■ WHAT IS EXPECTED: Where the records below show a line containing "H、三个遗物对毒猎的提升都比较大,生物样本面对多个敌人时,毒可以传播。", start copying; end with the line containing "In this article, we’ll", and copy it too.

■ INPUT:
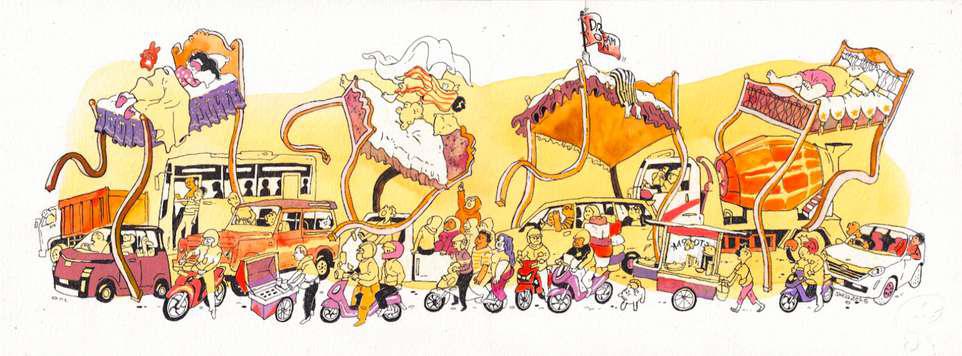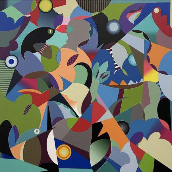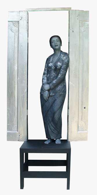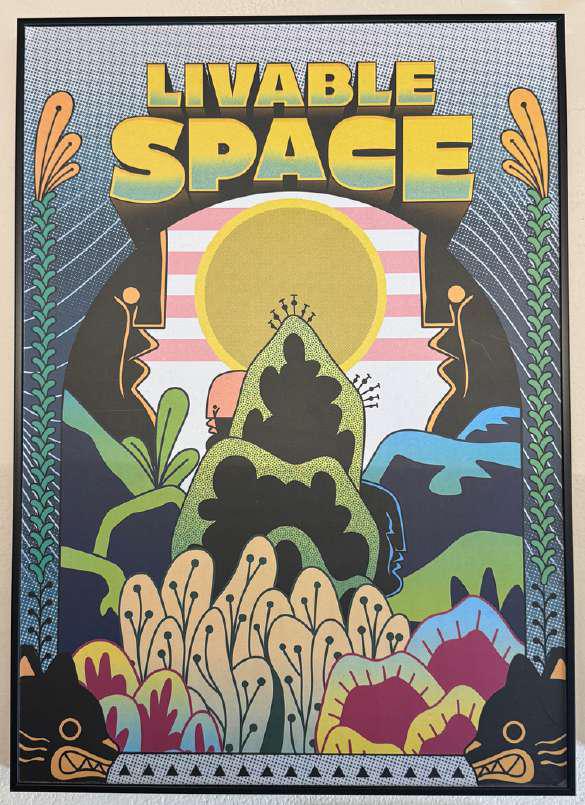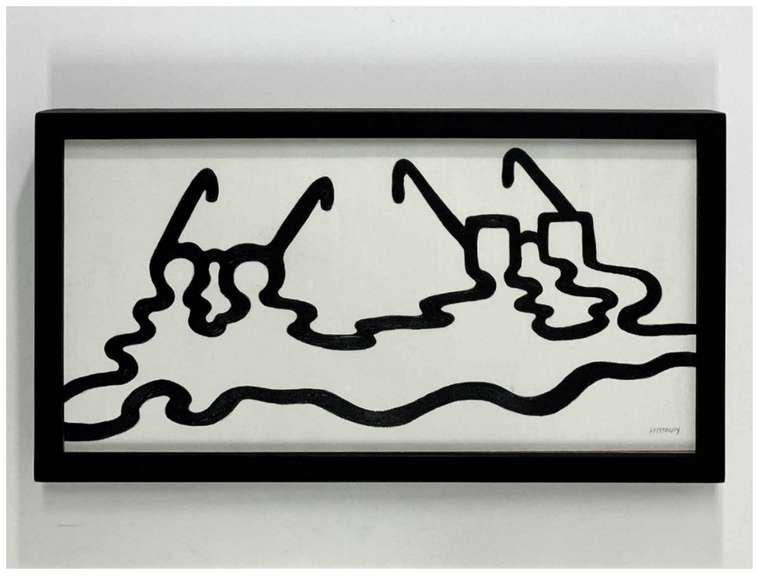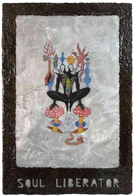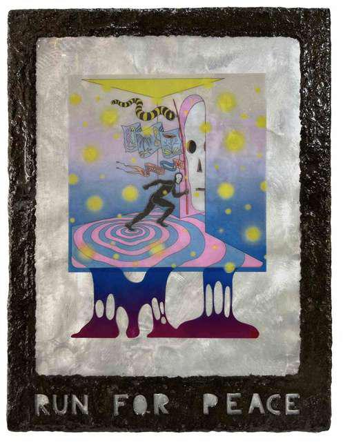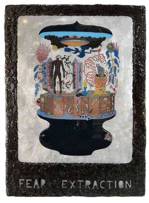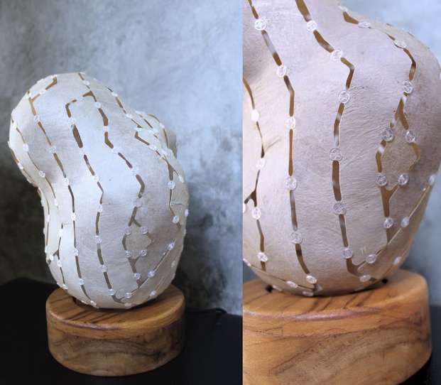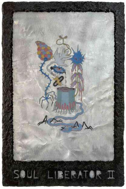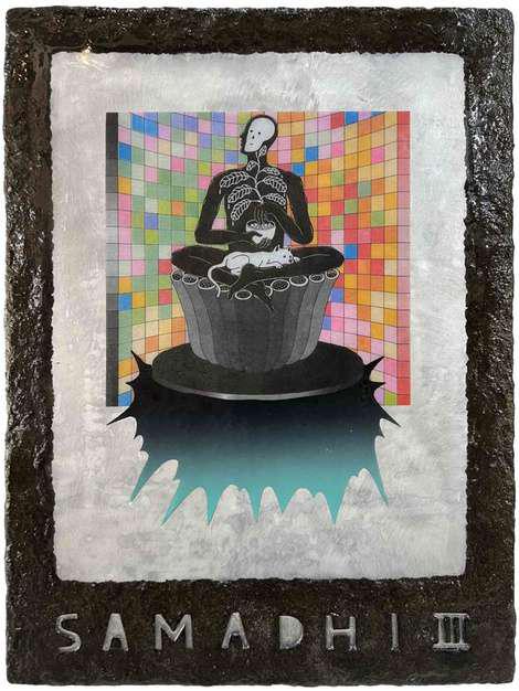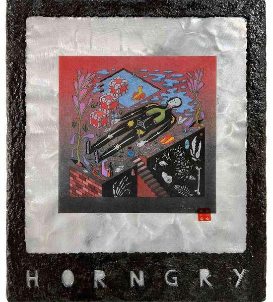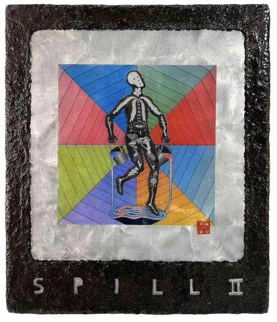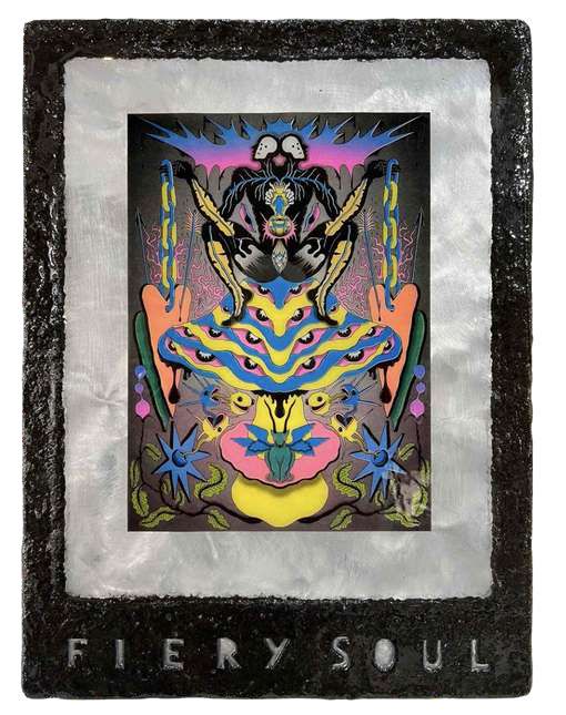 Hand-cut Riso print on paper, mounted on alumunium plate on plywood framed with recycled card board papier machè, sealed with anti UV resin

* * *

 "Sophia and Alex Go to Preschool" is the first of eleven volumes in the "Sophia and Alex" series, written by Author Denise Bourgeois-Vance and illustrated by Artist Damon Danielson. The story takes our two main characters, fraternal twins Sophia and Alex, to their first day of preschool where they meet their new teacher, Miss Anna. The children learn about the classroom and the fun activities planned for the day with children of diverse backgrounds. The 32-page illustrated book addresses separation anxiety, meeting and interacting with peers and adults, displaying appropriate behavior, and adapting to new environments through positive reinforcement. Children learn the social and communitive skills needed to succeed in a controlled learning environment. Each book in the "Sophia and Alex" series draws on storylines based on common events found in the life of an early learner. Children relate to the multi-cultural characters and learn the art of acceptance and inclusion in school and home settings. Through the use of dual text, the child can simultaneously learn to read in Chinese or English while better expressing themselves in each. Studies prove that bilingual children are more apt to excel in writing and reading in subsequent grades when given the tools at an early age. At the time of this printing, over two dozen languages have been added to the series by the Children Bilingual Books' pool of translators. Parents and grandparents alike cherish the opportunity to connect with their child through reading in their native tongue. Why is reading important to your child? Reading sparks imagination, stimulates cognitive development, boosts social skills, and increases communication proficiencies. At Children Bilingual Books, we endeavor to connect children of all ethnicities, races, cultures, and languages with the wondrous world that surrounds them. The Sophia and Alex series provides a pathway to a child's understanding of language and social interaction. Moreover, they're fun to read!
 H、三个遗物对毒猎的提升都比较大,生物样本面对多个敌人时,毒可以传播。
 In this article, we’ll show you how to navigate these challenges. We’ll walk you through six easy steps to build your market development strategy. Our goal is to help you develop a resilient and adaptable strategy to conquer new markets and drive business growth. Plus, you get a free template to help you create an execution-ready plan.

---

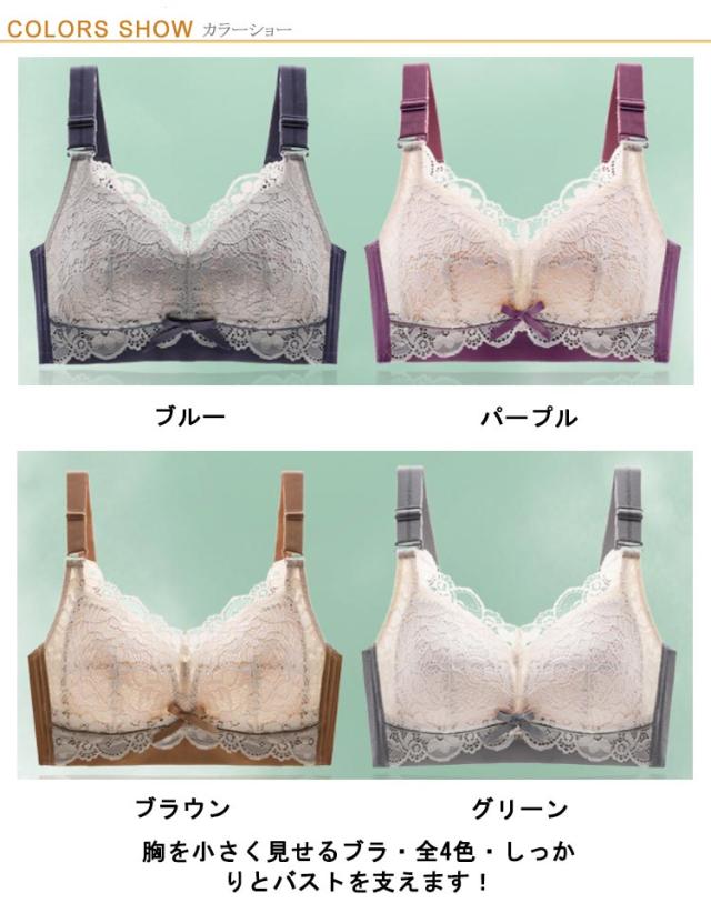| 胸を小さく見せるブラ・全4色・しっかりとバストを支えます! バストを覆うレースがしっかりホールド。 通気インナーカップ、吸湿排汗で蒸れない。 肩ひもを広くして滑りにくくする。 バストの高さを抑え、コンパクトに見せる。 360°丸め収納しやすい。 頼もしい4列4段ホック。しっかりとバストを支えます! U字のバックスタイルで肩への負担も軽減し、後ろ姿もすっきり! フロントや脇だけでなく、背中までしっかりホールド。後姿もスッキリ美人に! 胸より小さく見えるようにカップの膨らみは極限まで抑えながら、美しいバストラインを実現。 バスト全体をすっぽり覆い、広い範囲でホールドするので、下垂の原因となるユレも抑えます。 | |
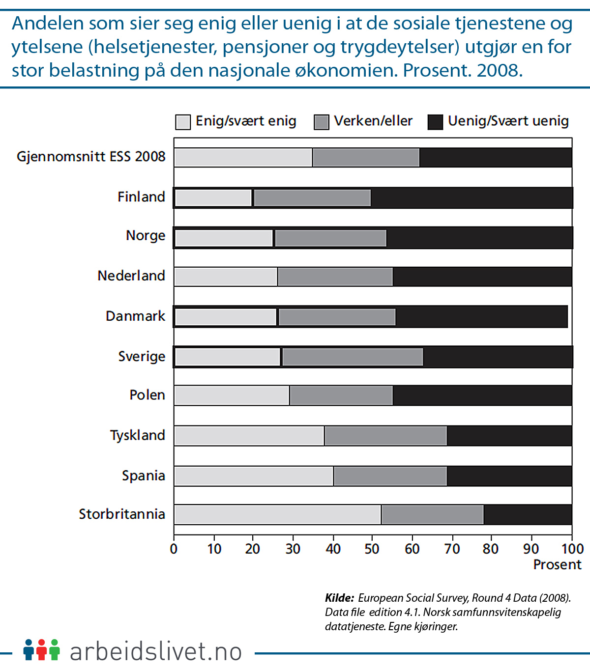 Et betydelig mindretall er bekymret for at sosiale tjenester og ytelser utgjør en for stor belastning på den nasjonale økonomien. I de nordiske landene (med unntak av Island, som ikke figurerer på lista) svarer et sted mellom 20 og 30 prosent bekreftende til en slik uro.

■ REPLY:
 H、三个遗物对毒猎的提升都比较大,生物样本面对多个敌人时,毒可以传播。
 In this article, we’ll show you how to navigate these challenges. We’ll walk you through six easy steps to build your market development strategy. Our goal is to help you develop a resilient and adaptable strategy to conquer new markets and drive business growth. Plus, you get a free template to help you create an execution-ready plan.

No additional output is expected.